### WORK ITEM
Where does the word "study" appear in the entries below? Copy each line that holds it.
*** DATASET EXTRACT ***
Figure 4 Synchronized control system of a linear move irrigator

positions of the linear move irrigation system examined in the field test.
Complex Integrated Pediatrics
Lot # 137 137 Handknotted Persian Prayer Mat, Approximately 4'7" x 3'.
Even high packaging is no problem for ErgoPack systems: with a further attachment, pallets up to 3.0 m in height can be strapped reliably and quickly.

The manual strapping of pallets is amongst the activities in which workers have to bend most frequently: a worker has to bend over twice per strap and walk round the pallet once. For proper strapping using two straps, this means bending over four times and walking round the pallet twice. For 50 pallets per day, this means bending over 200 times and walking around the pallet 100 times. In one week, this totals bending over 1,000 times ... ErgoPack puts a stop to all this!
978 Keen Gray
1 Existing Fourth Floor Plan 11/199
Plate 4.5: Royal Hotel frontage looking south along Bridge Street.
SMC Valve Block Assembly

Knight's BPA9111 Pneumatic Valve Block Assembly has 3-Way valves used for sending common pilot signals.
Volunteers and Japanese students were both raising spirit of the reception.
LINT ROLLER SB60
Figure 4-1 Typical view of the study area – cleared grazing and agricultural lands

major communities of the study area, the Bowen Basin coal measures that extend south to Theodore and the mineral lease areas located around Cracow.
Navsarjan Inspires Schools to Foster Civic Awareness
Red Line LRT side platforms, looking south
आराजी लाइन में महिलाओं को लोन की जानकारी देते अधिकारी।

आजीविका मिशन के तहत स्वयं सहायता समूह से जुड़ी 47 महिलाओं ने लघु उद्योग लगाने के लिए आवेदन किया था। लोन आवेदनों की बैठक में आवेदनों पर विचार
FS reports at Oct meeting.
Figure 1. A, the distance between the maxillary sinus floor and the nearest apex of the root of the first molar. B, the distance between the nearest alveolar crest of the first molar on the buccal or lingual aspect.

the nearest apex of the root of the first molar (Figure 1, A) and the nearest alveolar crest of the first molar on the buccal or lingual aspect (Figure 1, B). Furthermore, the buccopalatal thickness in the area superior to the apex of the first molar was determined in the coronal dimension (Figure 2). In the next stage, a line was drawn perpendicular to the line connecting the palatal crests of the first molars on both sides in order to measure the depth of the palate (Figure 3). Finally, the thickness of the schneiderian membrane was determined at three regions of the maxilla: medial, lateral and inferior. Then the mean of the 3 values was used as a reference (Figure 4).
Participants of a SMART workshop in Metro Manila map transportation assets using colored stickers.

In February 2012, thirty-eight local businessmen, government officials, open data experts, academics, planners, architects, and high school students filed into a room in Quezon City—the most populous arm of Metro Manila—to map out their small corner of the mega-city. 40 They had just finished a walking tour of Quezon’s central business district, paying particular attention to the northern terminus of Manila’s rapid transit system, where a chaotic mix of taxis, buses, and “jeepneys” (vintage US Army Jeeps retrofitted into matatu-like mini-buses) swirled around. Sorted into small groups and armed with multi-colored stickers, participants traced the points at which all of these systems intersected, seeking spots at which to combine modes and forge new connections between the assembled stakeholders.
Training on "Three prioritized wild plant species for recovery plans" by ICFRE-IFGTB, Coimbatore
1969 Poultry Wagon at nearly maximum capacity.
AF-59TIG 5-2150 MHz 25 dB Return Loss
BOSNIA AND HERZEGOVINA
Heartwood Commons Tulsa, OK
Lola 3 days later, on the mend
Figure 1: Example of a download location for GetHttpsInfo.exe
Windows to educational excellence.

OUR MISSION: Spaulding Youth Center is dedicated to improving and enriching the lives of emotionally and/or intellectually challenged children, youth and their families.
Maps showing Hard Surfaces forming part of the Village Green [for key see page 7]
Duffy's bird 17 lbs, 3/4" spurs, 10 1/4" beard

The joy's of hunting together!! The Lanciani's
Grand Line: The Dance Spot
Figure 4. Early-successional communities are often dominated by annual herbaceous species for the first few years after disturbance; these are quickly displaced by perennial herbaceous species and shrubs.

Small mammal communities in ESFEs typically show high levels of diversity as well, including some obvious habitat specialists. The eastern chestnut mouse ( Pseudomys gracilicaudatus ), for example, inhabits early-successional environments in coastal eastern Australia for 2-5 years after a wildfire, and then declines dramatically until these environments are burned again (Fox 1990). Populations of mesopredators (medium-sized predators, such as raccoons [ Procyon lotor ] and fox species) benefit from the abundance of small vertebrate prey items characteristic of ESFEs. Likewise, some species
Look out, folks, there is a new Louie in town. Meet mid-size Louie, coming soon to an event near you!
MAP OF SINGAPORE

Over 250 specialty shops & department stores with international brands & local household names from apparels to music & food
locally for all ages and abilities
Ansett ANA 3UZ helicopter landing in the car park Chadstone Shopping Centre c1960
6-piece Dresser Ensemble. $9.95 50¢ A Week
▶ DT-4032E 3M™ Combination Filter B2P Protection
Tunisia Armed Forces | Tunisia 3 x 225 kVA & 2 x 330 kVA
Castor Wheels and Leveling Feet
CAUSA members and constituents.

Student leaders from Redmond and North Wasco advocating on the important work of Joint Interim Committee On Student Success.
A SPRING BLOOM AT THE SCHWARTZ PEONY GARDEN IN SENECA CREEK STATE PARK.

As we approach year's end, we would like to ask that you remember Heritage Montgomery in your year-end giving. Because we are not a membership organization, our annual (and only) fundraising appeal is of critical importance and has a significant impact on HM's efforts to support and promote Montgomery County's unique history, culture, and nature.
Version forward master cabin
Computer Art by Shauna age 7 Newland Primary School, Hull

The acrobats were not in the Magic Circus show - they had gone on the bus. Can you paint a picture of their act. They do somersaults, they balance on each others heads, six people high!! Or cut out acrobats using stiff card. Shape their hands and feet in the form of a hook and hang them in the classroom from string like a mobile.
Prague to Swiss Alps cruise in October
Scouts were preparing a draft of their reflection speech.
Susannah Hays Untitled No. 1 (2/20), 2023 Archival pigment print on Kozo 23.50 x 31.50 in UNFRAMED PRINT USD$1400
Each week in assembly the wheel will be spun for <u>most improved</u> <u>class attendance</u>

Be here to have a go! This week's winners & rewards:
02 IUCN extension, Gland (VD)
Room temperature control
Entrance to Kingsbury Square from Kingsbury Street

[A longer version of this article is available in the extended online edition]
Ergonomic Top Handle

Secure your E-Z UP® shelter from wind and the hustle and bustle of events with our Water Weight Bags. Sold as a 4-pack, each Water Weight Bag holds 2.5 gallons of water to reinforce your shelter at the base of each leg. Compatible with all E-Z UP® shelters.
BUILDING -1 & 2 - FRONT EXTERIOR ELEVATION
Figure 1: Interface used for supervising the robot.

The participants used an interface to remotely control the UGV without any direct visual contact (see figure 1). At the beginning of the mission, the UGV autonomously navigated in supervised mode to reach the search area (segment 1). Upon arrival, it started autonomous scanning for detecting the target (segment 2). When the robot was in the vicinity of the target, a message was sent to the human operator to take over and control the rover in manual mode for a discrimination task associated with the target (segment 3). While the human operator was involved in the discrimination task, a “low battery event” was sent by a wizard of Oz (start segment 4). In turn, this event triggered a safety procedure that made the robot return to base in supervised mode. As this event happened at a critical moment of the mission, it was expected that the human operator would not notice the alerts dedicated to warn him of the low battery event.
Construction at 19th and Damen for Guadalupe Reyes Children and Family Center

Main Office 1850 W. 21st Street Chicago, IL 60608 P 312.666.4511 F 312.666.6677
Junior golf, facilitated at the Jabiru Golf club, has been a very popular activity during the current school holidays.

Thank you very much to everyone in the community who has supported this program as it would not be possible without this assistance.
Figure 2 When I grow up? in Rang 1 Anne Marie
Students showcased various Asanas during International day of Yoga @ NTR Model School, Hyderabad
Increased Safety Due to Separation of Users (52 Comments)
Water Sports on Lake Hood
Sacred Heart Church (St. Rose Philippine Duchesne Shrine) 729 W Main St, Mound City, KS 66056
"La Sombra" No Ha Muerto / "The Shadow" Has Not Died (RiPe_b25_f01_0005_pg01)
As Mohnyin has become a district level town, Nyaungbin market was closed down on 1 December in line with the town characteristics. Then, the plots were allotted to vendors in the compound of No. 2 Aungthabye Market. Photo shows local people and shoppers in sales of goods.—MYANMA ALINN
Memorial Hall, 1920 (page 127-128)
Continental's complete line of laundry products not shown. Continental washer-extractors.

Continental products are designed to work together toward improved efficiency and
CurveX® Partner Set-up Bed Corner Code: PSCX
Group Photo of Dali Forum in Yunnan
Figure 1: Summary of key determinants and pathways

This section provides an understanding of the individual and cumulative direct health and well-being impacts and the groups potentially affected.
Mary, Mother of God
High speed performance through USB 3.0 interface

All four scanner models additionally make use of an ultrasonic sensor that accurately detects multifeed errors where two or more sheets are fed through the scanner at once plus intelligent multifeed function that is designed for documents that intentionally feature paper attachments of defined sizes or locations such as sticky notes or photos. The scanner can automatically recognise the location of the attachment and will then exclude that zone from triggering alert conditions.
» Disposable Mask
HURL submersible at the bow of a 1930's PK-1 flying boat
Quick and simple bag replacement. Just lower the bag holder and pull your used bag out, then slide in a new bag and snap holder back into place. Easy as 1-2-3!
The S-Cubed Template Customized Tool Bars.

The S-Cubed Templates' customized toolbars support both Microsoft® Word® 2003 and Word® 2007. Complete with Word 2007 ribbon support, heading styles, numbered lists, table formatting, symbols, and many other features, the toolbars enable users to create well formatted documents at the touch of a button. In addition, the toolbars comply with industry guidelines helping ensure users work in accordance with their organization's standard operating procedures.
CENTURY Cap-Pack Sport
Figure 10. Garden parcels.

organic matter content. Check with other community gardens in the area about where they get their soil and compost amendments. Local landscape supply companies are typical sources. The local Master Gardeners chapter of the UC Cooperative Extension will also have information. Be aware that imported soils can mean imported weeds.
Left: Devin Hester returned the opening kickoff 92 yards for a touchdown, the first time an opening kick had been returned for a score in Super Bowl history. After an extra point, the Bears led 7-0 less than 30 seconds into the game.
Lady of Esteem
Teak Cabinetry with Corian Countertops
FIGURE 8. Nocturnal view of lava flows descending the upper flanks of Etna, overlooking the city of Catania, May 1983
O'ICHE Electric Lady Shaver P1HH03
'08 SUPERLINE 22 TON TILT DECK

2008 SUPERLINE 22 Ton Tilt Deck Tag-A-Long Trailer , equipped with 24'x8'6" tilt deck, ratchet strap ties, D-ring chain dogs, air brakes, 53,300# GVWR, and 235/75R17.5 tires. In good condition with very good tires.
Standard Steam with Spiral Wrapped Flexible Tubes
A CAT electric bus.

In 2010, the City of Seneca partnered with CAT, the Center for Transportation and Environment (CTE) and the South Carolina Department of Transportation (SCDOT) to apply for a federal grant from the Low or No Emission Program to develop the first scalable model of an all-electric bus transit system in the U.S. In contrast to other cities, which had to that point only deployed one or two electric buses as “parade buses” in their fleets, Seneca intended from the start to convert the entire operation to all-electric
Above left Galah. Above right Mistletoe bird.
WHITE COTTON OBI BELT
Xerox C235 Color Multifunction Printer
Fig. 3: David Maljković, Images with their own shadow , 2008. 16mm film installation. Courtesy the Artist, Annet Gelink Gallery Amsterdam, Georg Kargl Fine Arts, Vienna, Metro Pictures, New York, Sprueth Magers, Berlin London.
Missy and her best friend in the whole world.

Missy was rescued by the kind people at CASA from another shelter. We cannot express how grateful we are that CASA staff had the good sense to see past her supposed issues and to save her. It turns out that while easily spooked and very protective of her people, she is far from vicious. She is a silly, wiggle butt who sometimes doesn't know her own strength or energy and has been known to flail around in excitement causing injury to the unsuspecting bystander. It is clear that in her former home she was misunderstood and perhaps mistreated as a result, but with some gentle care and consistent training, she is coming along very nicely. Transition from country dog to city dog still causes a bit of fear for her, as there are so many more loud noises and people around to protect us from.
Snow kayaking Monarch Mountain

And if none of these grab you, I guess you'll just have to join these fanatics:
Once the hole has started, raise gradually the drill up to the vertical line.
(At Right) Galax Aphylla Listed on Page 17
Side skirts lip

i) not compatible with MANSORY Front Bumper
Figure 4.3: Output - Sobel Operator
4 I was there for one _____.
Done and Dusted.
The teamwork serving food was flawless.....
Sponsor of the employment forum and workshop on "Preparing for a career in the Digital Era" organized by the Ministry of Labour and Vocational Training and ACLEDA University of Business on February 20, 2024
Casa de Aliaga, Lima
*** End of DATASET EXTRACT ***
### FINISHED EXERCISE
Figure 4-1 Typical view of the study area – cleared grazing and agricultural lands
major communities of the study area, the Bowen Basin coal measures that extend south to Theodore and the mineral lease areas located around Cracow.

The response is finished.